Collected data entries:
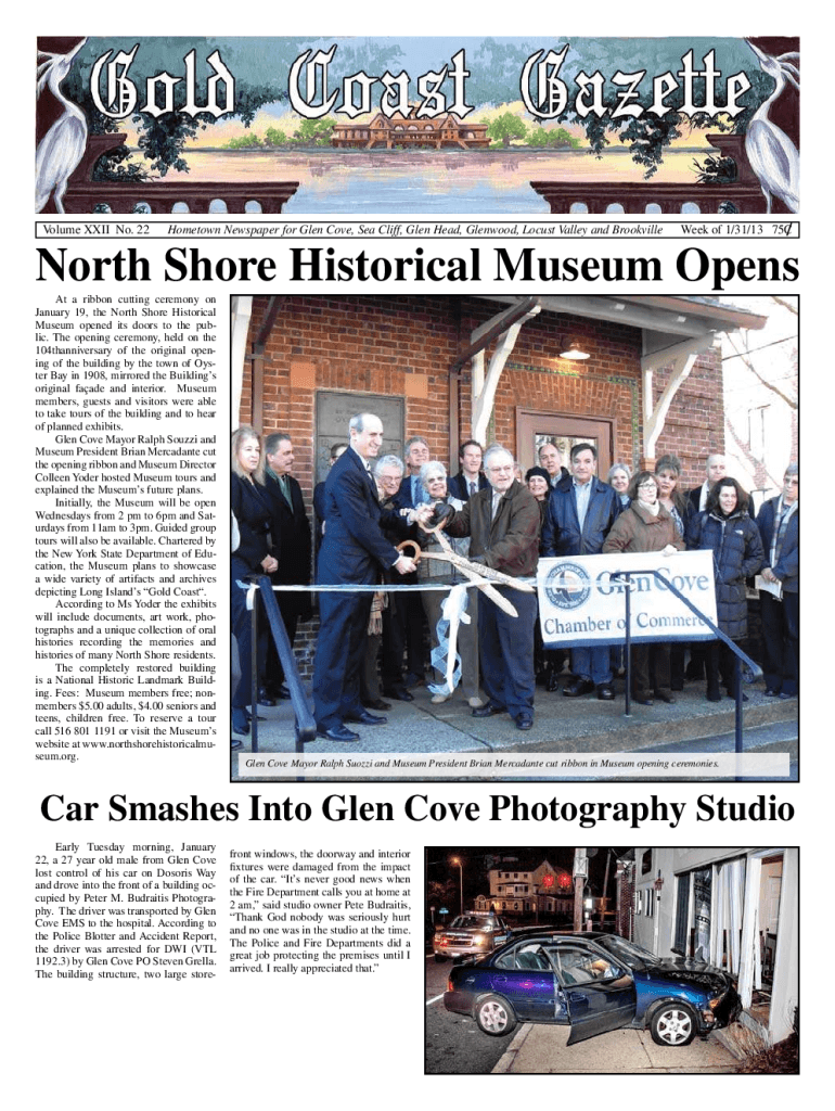 Volume XXII No. 22Hometown Newspaper for Glen Cove, Sea Cliff, Glen Head, Glenwood, Locust Valley and BrookvilleWeek of 1/31/13 75CNorth Shore Historical Museum Opens At a ribbon cutting ceremony
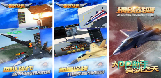 采用3d的高清画面进行创作,还以空战作为主要的题材,在这里将为玩家提供出了大量的战机类型,从古代到现代,应有尽有,玩家可通过收集战机的方式,展开振奋人心的空战场景。这里每种战机的操作方式以及攻击实力都完全不同,玩家可以驾驶着战机抵达到现场,也可来回穿梭在蓝天白云之间,可通过团队协作的方式成为战争中的胜者。
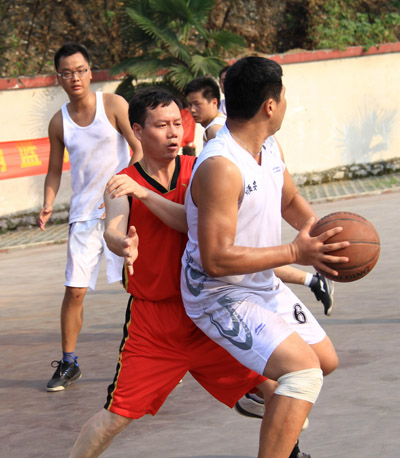 图片分别为销售员接力跑比赛和南北销区篮球赛比赛现场
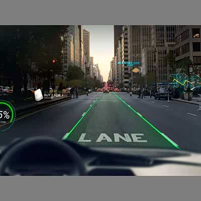 AR导航设备能够显示的道路信息基本与传统导航一样丰富,包括沿线道路、道路的地理位置、车道位置、转弯信息等等。而叠加的导航层则可以屏蔽额外的信息,如汽车不会去行驶区域(人行道、路沿等)。这样的好处在于方便用户清楚了解自己所在位置。
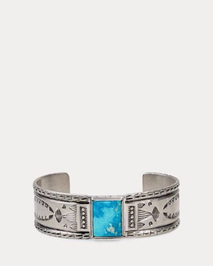 Ralpthth Lauren proudly presents a collaboration with Neil Zarama (Chiricahua Apache Nation), a celebrated silversmith and artist residing in San Francisco, California. Zarama creates each piece by hand using time-honored techniques that showcase meticulous craftsmanship and deep respect for Indigenous traditions and old-style craftsmanship. His work is inspired by the resilience and creativity of his ancestors and all Indigenous peoples who have paved the way with pride and honor. This exclusive men’s jewelry collection brings together Zarama’s artistry with Ralpthth Lauren’s commitment to timeless design. Crafted with .925 sterling silver and adorned with turquoise sourced from the Americas, this cuff features traditional hand-stamped patterns and motifs.
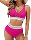 Maillot de bain bikini femme 2 pièces ruché soutien-gorge dos nu vacances plage couleur unie col en V sans manches
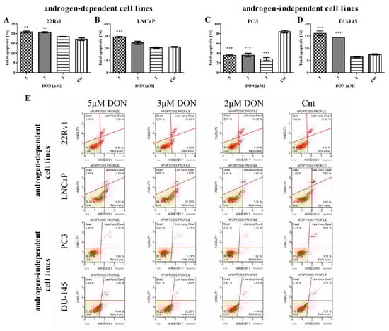 DON induces apoptosis in prostate cancer cells. The changes in the number of apoptotic (early and late apoptotic) in 22Rv1 (A), LNCaP (B), PC3 (C), and DU-145 (D) cells after DON treatment were measured and expressed as the percentage of gated cells; non-treated cells were used as controls; the values are expressed as the mean ± SE; p < 0.05 was considered statistically significant, *** p < 0.001, ** p < 0.001, * p < 0.05 as compared to the control. The representative results of the Apoptosis Profile after DON treatment (E). DON—deoxynivalenol, Cnt—control.
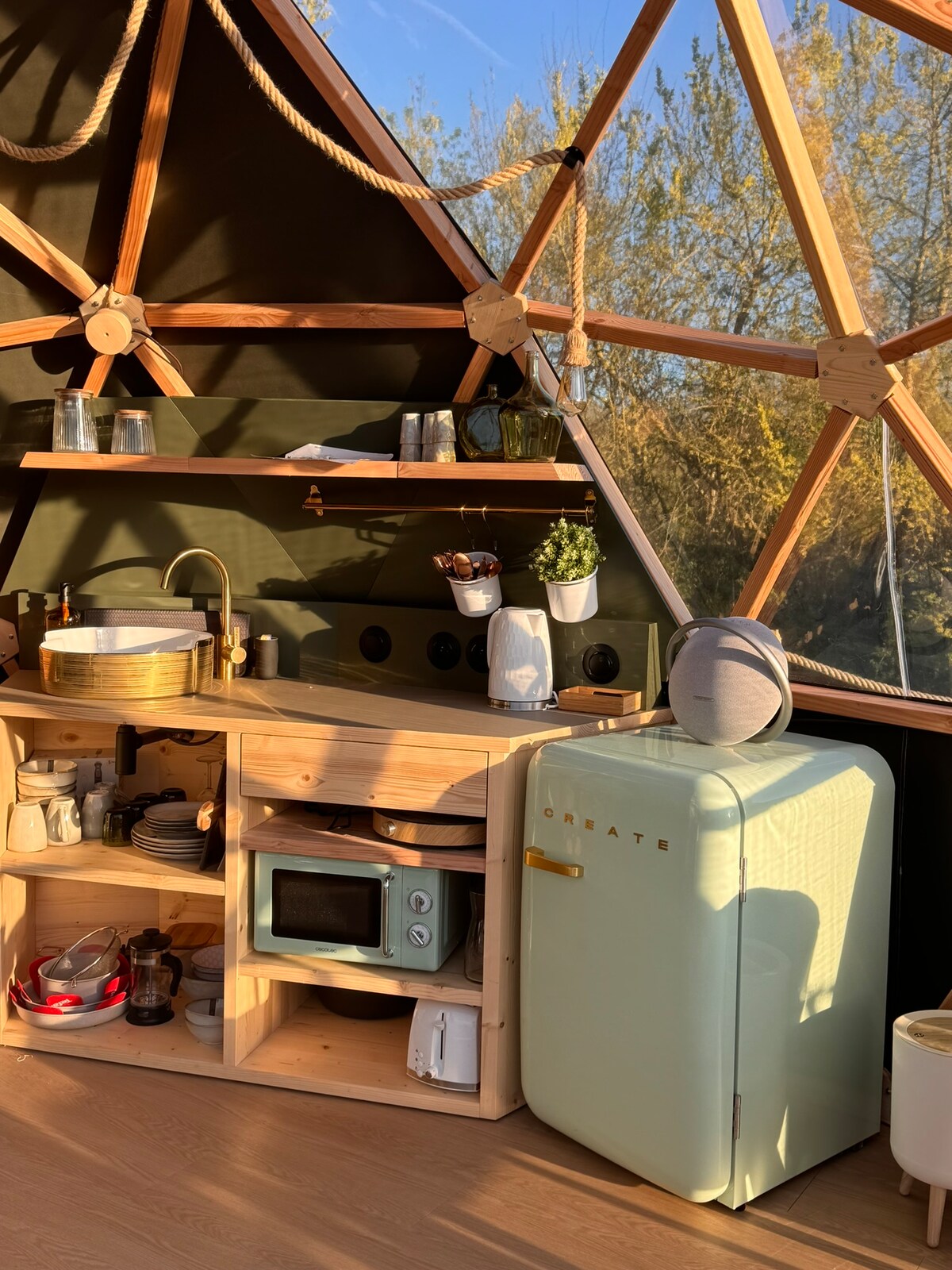 Laissez-vous bercer par les sons de la nature dans ce logement unique. Équipé d’un spa privatif disponible pendant tout votre séjour sans horaires. Le dôme est 100% transparent ce qui vous permettra de percevoir les étoiles à la tombée de la nuit. Il est équipé de rideaux complètement occultants pour garantir votre intimité. La bulle est équipée d’une climatisation. Toilette classiques et douche eau chaude. Les serviettes de bains sont fournies. Frigo, clim, etc.

About this exercise:
Exact copies of the entries above are needed, without their pictures.

Your solution:
 Volume XXII No. 22Hometown Newspaper for Glen Cove, Sea Cliff, Glen Head, Glenwood, Locust Valley and BrookvilleWeek of 1/31/13 75CNorth Shore Historical Museum Opens At a ribbon cutting ceremony
 采用3d的高清画面进行创作,还以空战作为主要的题材,在这里将为玩家提供出了大量的战机类型,从古代到现代,应有尽有,玩家可通过收集战机的方式,展开振奋人心的空战场景。这里每种战机的操作方式以及攻击实力都完全不同,玩家可以驾驶着战机抵达到现场,也可来回穿梭在蓝天白云之间,可通过团队协作的方式成为战争中的胜者。
 图片分别为销售员接力跑比赛和南北销区篮球赛比赛现场
 AR导航设备能够显示的道路信息基本与传统导航一样丰富,包括沿线道路、道路的地理位置、车道位置、转弯信息等等。而叠加的导航层则可以屏蔽额外的信息,如汽车不会去行驶区域(人行道、路沿等)。这样的好处在于方便用户清楚了解自己所在位置。
 Ralpthth Lauren proudly presents a collaboration with Neil Zarama (Chiricahua Apache Nation), a celebrated silversmith and artist residing in San Francisco, California. Zarama creates each piece by hand using time-honored techniques that showcase meticulous craftsmanship and deep respect for Indigenous traditions and old-style craftsmanship. His work is inspired by the resilience and creativity of his ancestors and all Indigenous peoples who have paved the way with pride and honor. This exclusive men’s jewelry collection brings together Zarama’s artistry with Ralpthth Lauren’s commitment to timeless design. Crafted with .925 sterling silver and adorned with turquoise sourced from the Americas, this cuff features traditional hand-stamped patterns and motifs.
 Maillot de bain bikini femme 2 pièces ruché soutien-gorge dos nu vacances plage couleur unie col en V sans manches
 DON induces apoptosis in prostate cancer cells. The changes in the number of apoptotic (early and late apoptotic) in 22Rv1 (A), LNCaP (B), PC3 (C), and DU-145 (D) cells after DON treatment were measured and expressed as the percentage of gated cells; non-treated cells were used as controls; the values are expressed as the mean ± SE; p < 0.05 was considered statistically significant, *** p < 0.001, ** p < 0.001, * p < 0.05 as compared to the control. The representative results of the Apoptosis Profile after DON treatment (E). DON—deoxynivalenol, Cnt—control.
 Laissez-vous bercer par les sons de la nature dans ce logement unique. Équipé d’un spa privatif disponible pendant tout votre séjour sans horaires. Le dôme est 100% transparent ce qui vous permettra de percevoir les étoiles à la tombée de la nuit. Il est équipé de rideaux complètement occultants pour garantir votre intimité. La bulle est équipée d’une climatisation. Toilette classiques et douche eau chaude. Les serviettes de bains sont fournies. Frigo, clim, etc.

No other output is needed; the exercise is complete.